Suggestion — Missing test for impossible precedence over MAX_GOAL_ITERATIONS. The code correctly checks impossible before the iteration cap, so failed takes precedence over aborted when both conditions are true. But no test verifies this — if the check order is accidentally reversed in a future refactor, the behavior would silently regress.

Suggestion — Missing integration test for impossible→failed pipeline. Only unit-level tests with mocked judgeGoal cover the new path. An integration test through the real HookSystem would catch bugs in how judgeGoalWithTimeout interacts with the impossible verdict (e.g., if the timeout wrapper accidentally swallows impossible).

Verdict: Comment — no Critical issues. Build ✅, tests 77/77 ✅.

— DeepSeek/deepseek-v4-pro via Qwen Code /review

wenshao · 2026-05-17T12:48:43Z

+    : never;
+
+export const JUDGE_RESULT_SCHEMA_COVERS_INTERFACE: SchemaCoversJudgeResult = true;
+


Nit: this exported constant is never read at runtime — it exists solely to trigger the SchemaCoversJudgeResult compile-time check. Consider making it unexported (just const) or adding a brief // compile-time only annotation, since it currently shows up in the public API surface but has no runtime consumers.

wenshao · 2026-05-17T12:49:05Z

+export const JUDGE_RESULT_SCHEMA_COVERS_INTERFACE: SchemaCoversJudgeResult = true;
+
+const RESPONSE_SCHEMA: Schema & { additionalProperties: boolean } = {
  // Schema typing in @google/genai uses an enum-like Type, but accepts the


The additionalProperties field is bolted on via Schema & { additionalProperties: boolean } because @google/genai's Schema type does not include it.
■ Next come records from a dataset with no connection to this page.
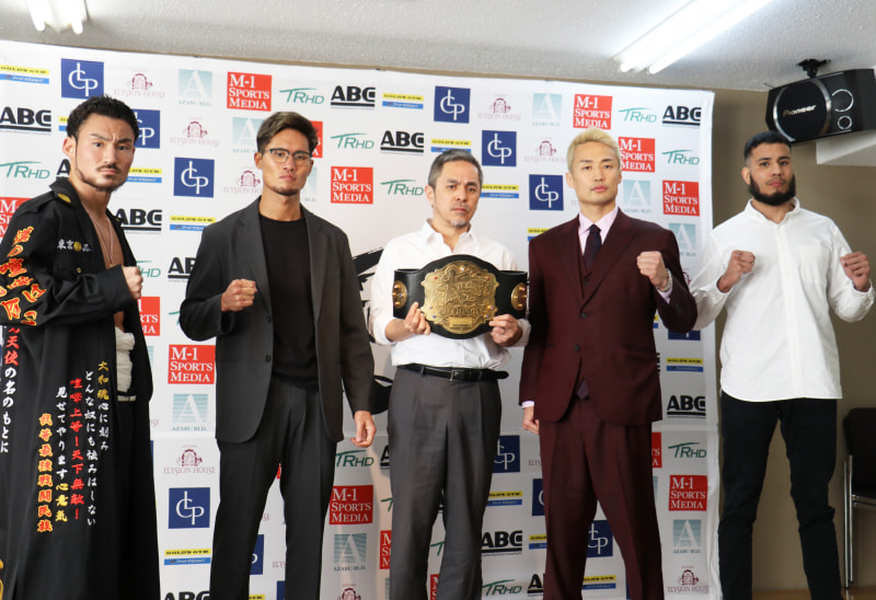 初代ミドル級(-75kg)王座のベルトをかけて4選手が争う(左から(左から神保、YOHAN、宮田P、谷川、ブハリ)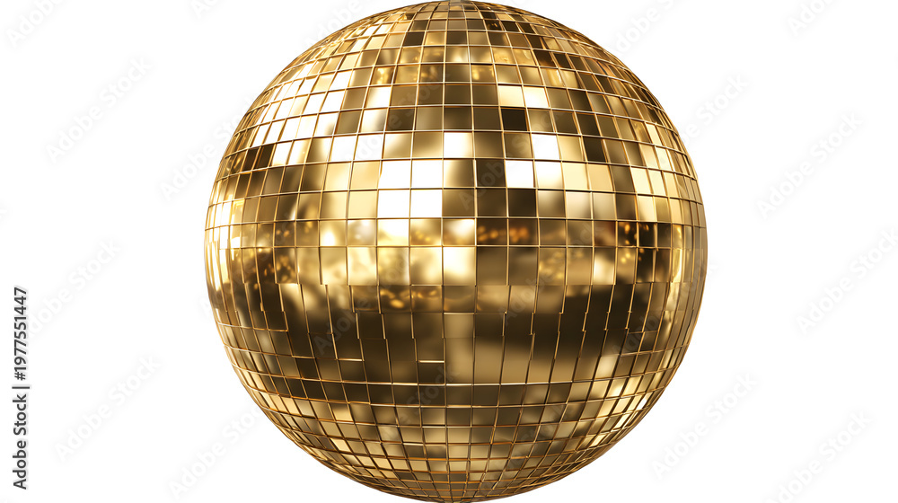 • Shiny disco ball separately isolated PNG on transparent background, mirror ball with reflective tiles for party and dance floor decoration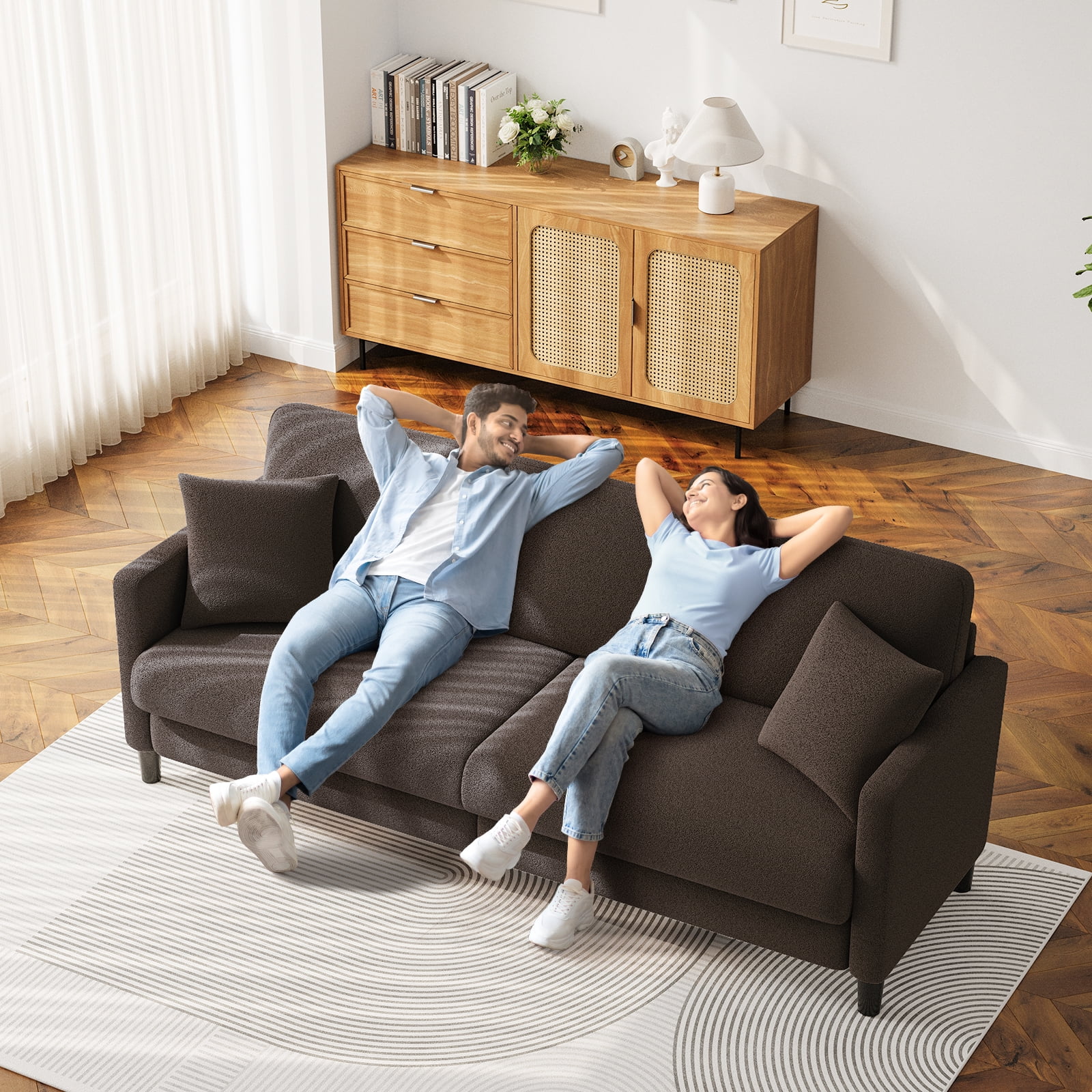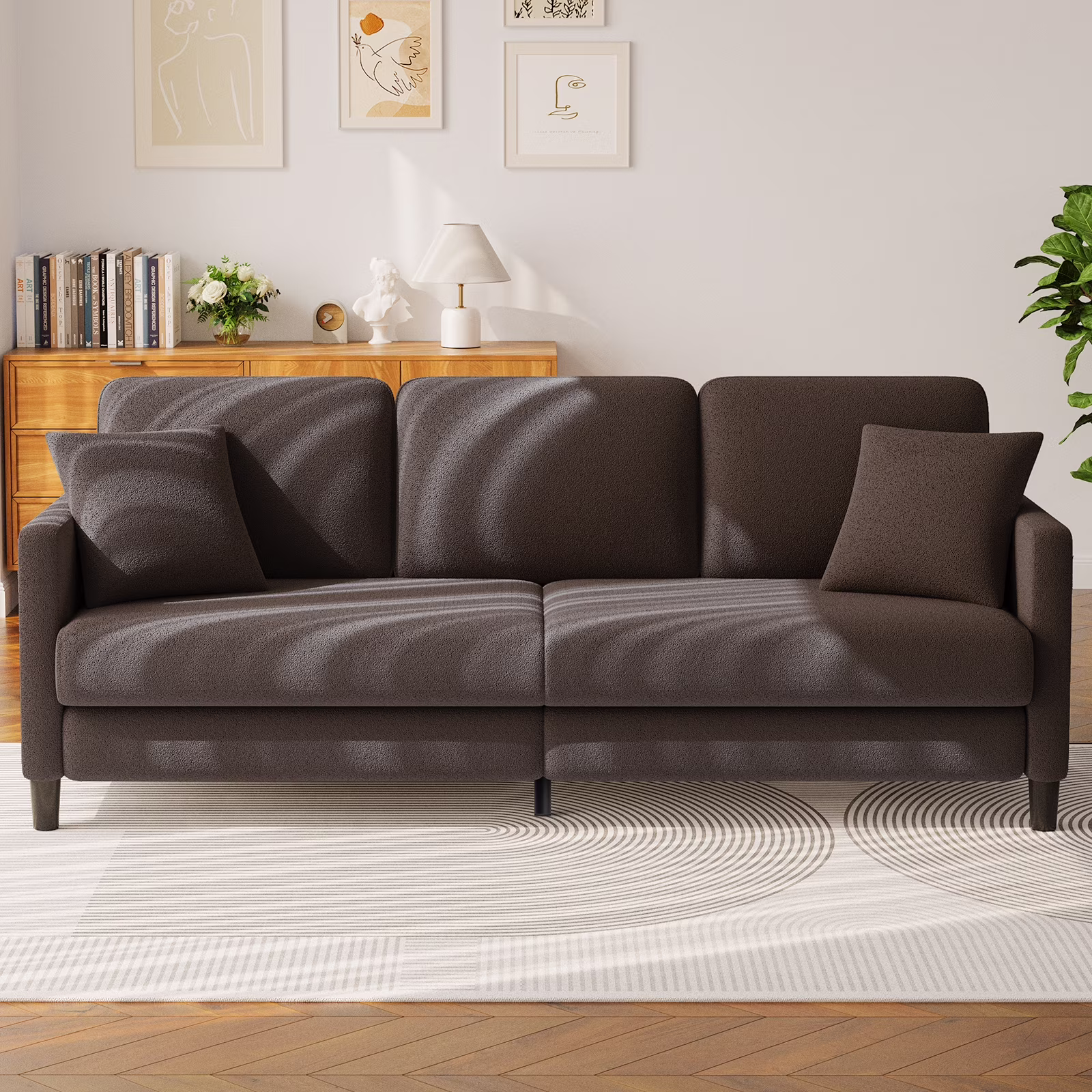 ???????????83 inches Sofa Couch, 3 Seater Teddy Fleece Couches with 2 Pillows,Super Soft Upholstered Loveseat Sofa, Simplicity design a perfect pick for a living room, Whether you're watching TV, reading, or sleeping, Fulfill your every need.

This works but is fragile — if the upstream type adds the property with a different shape, the intersection could silently conflict. Consider a // @ts-expect-error or a short comment noting the upstream gap so future readers understand the intent.

wenshao · 2026-05-17T12:49:09Z

            line). One Text + natural wrap keeps the continuation flush. */}
-        {(kind === 'achieved' || kind === 'aborted') && lastReason?.trim() ? (
+        {(kind === 'achieved' || kind === 'aborted' || kind === 'failed') &&
+        lastReason?.trim() ? (


This disjunction is growing — it now matches all terminal kinds except set, cleared, and checking. The same pattern appears in restoreGoal.ts:findLastTerminalGoal and goalCommand.ts:formatTerminalSummary. Consider extracting a shared isTerminalGoalKind() helper or a TERMINAL_GOAL_KINDS set so adding another terminal kind in the future only requires one change instead of N.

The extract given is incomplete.